WHAT IS BEING ASKED - Your copy should match the records below exactly, except for the pictures.

Content starts

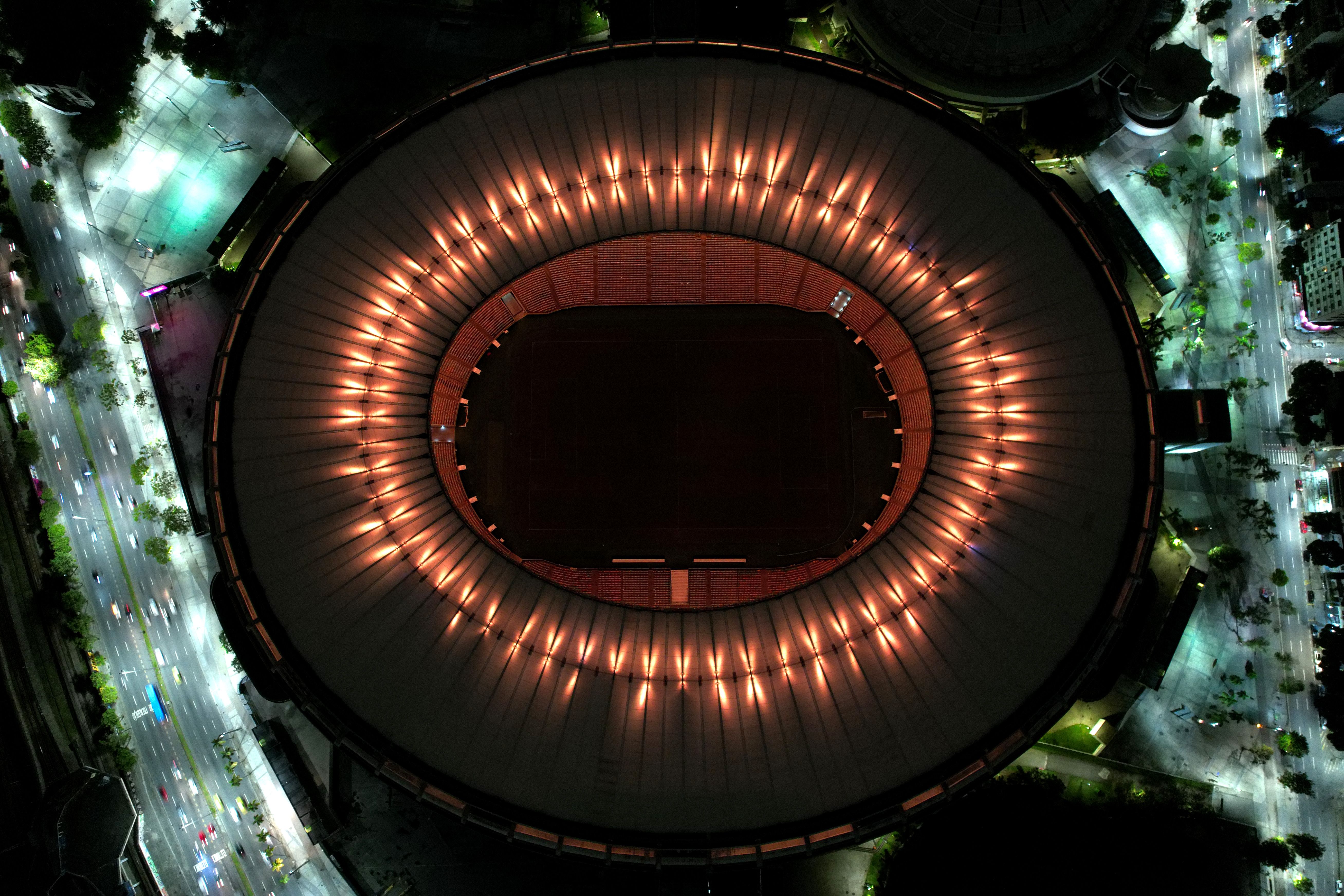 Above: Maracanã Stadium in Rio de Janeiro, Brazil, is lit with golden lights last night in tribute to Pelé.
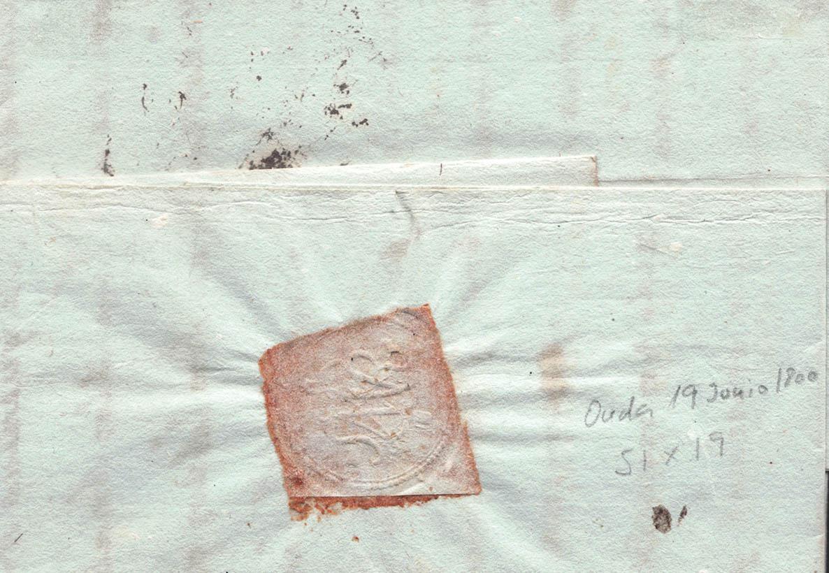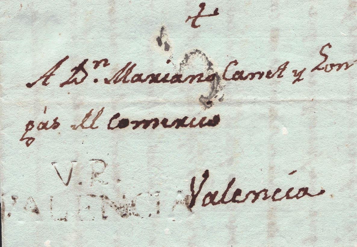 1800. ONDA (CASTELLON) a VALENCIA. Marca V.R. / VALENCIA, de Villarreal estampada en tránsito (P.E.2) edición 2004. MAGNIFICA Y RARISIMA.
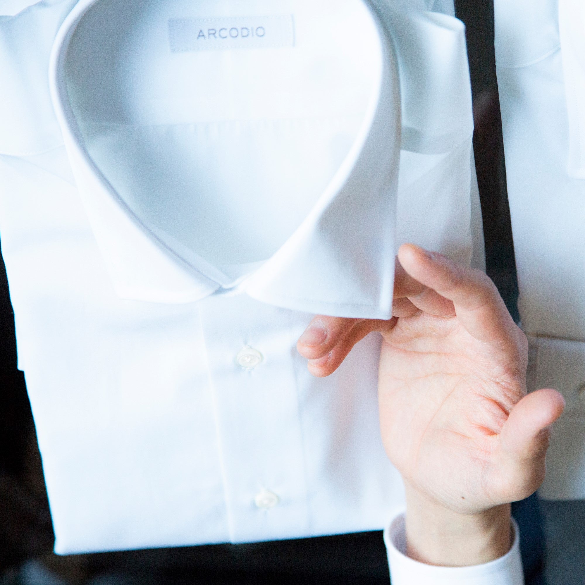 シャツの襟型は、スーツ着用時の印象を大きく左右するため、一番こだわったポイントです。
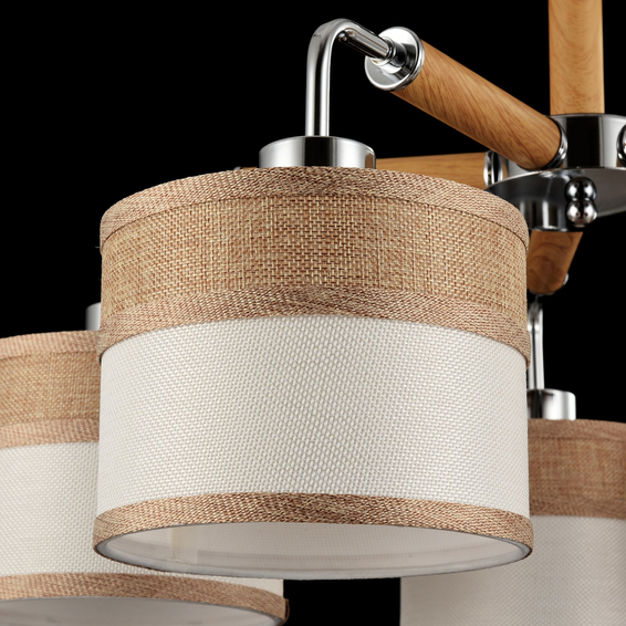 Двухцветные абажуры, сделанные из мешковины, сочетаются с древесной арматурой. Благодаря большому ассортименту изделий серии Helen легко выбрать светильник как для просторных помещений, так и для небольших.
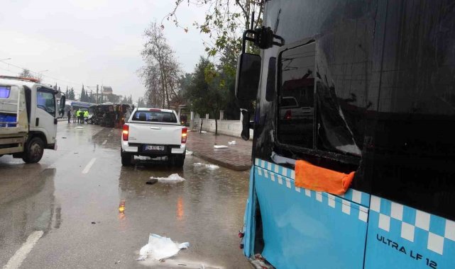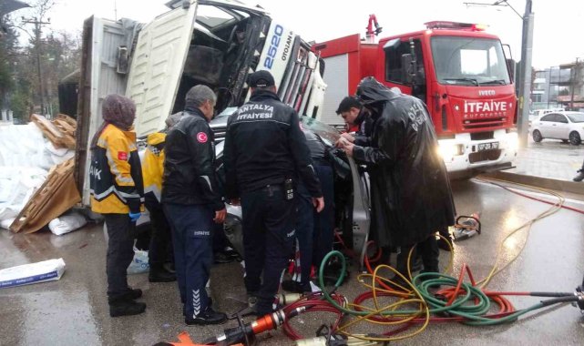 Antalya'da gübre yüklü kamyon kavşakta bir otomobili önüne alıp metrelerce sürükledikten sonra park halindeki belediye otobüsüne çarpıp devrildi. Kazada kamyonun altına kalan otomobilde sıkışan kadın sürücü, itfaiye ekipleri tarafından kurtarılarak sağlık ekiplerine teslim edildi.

Content ends

OUTPUT -
 Above: Maracanã Stadium in Rio de Janeiro, Brazil, is lit with golden lights last night in tribute to Pelé.
 1800. ONDA (CASTELLON) a VALENCIA. Marca V.R. / VALENCIA, de Villarreal estampada en tránsito (P.E.2) edición 2004. MAGNIFICA Y RARISIMA.
 シャツの襟型は、スーツ着用時の印象を大きく左右するため、一番こだわったポイントです。
 Двухцветные абажуры, сделанные из мешковины, сочетаются с древесной арматурой. Благодаря большому ассортименту изделий серии Helen легко выбрать светильник как для просторных помещений, так и для небольших.
 Antalya'da gübre yüklü kamyon kavşakta bir otomobili önüne alıp metrelerce sürükledikten sonra park halindeki belediye otobüsüne çarpıp devrildi. Kazada kamyonun altına kalan otomobilde sıkışan kadın sürücü, itfaiye ekipleri tarafından kurtarılarak sağlık ekiplerine teslim edildi.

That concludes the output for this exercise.